Postorder traversal, as you have guessed, you recursively call the method on the left subtree, then the left subtree, then you process the node. The results of these are as follows:
text// preorder[8, 3, 1, 6, 4, 7, 10, 14, 13]// inorder[1, 3, 5, 6, 7, 8, 10, 13, 14]// postorder[1, 4, 7, 6, 3, 13, 14, 10, 8]
As you can see, it depends on what you’re doing on which of these you use. For a sorted list out of a BST, you’d want to use inorder. If you’re making a deep copy of a tree, preorder traversal is super useful since you’d copy a node, and then add its left child and then its right tree. Postorder would be useful if you’re deleting a tree since you’d process the left tree, then the right, and only after the children had been deleted would you delete the node you’re working on.
So let’s go give this a shot!
Exercises
Breath-first Traversal
Now that you’ve done depth-first, let’s tackle breadth-first. Breadth-first isn’t recursive processing of subtrees like depth-first. Instead we want to process one layer at a time. Using the tree above, we want the resulting order to [8, 3, 10, 1, 6, 14, 4, 7, 13]. In other words, we start at the root, and slowly make our way “down” the tree.
The way we accomplish this is using our old friend, the queue. A queue is an array that the first thing you into is the first thing you get out of it (FIFO, first in first out, as opposed a stack which is first in last out, FILO.) Another way of thinking about it is that if you call dequeue on a queue, the item that has been in there the longest is the one that comes out.

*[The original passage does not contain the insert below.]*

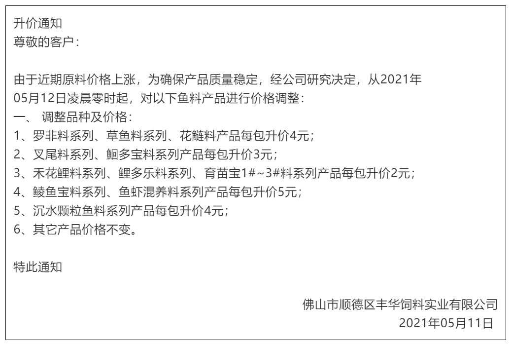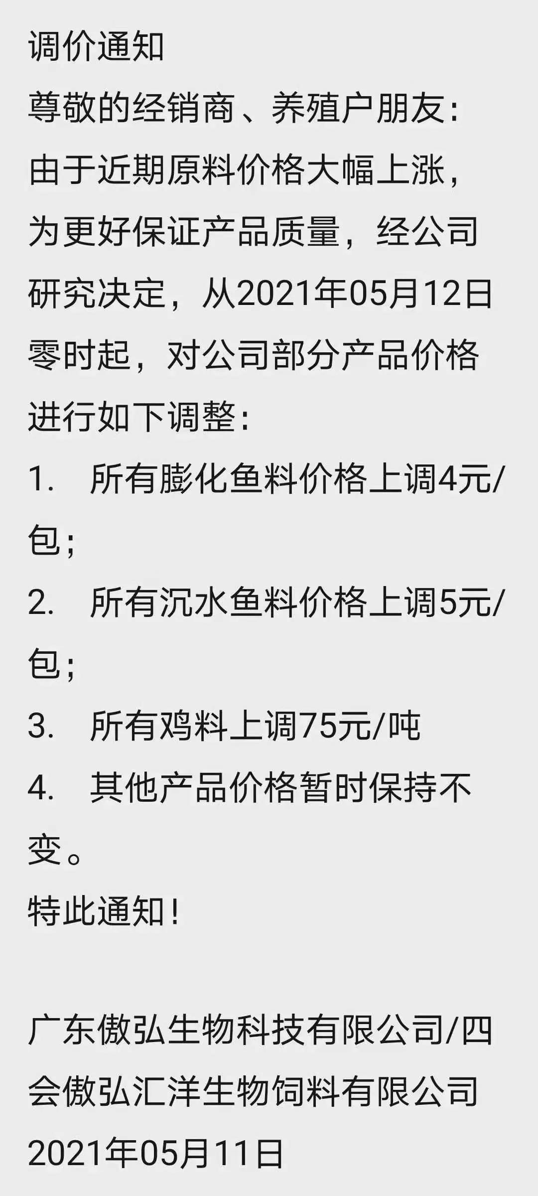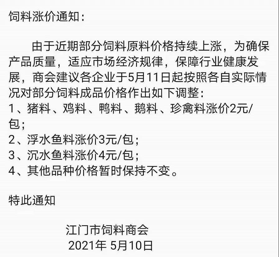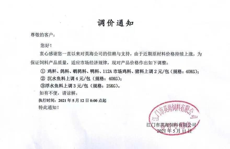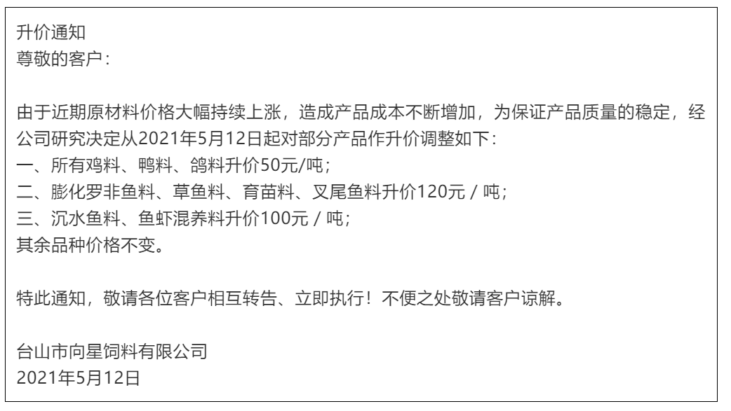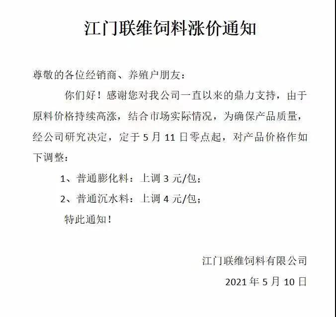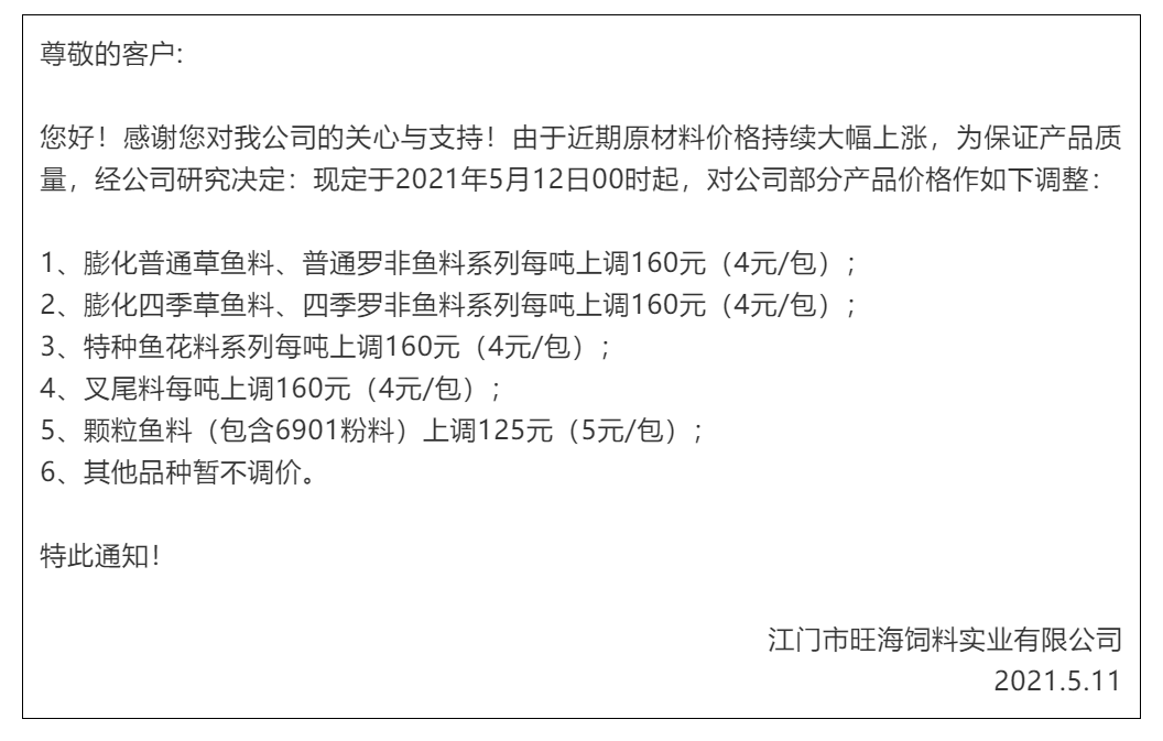 江門市旺海飼料實(shí)業(yè)有限公司漲價(jià)通知

What we’re going to do is process the node, then add the left child to the queue and then add the right child to the queue. After that, we’ll just dequeue an item off of the queue and call our function recursively on that node. You keep going until there’s no items left in the queue.
Let’s do the exercise! This can be solved recursively or iteratively, with the iterative result being the preferred of the two.
text-> start function by adding root to the queue, queue = [8]-> process 8, add to final array array = [8]-> queue 3 and 10 to queue, queue = [3, 10]-> dequeue 3, queue = [10]-> queue 3's children, queue = [10, 1, 6]-> add 3 to final array, array = [8, 3]-> dequeue 10, queue = [1, 6]-> queue 10's children, queue = [1, 6, 14]-> add 10 to final array, array = [8, 3, 10]-> dequeue 1, queue = [6, 14]-> queue 1's children, nothing-> add 1 to final array, [8, 3, 10, 1][etc.]final array is [8, 3, 10, 1, 6, 14, 4, 7, 13]
So why is this useful? This is really useful if you’re looking for something you know is going to be near the root of the tree or if you’re looking for the “closest” (e.g. least hops) node to something. For example, if your tree represents a social network and you’re looking to recommend to them who to follow, you might do a breadth-first traversal of their social contacts and recommend them people with 2 degrees of separation. Breadth-first traversal is perfect for that.
Breadth-first traversals are useful for many things and we’ll be using the algorithm when we do path-finding, but the gist of when you use them is that you know the answer for what you’re looking for is “closer” to the root node as opposed to far away when you would use depth-first. Again, it’s all trade-offs and what you’re trying to do.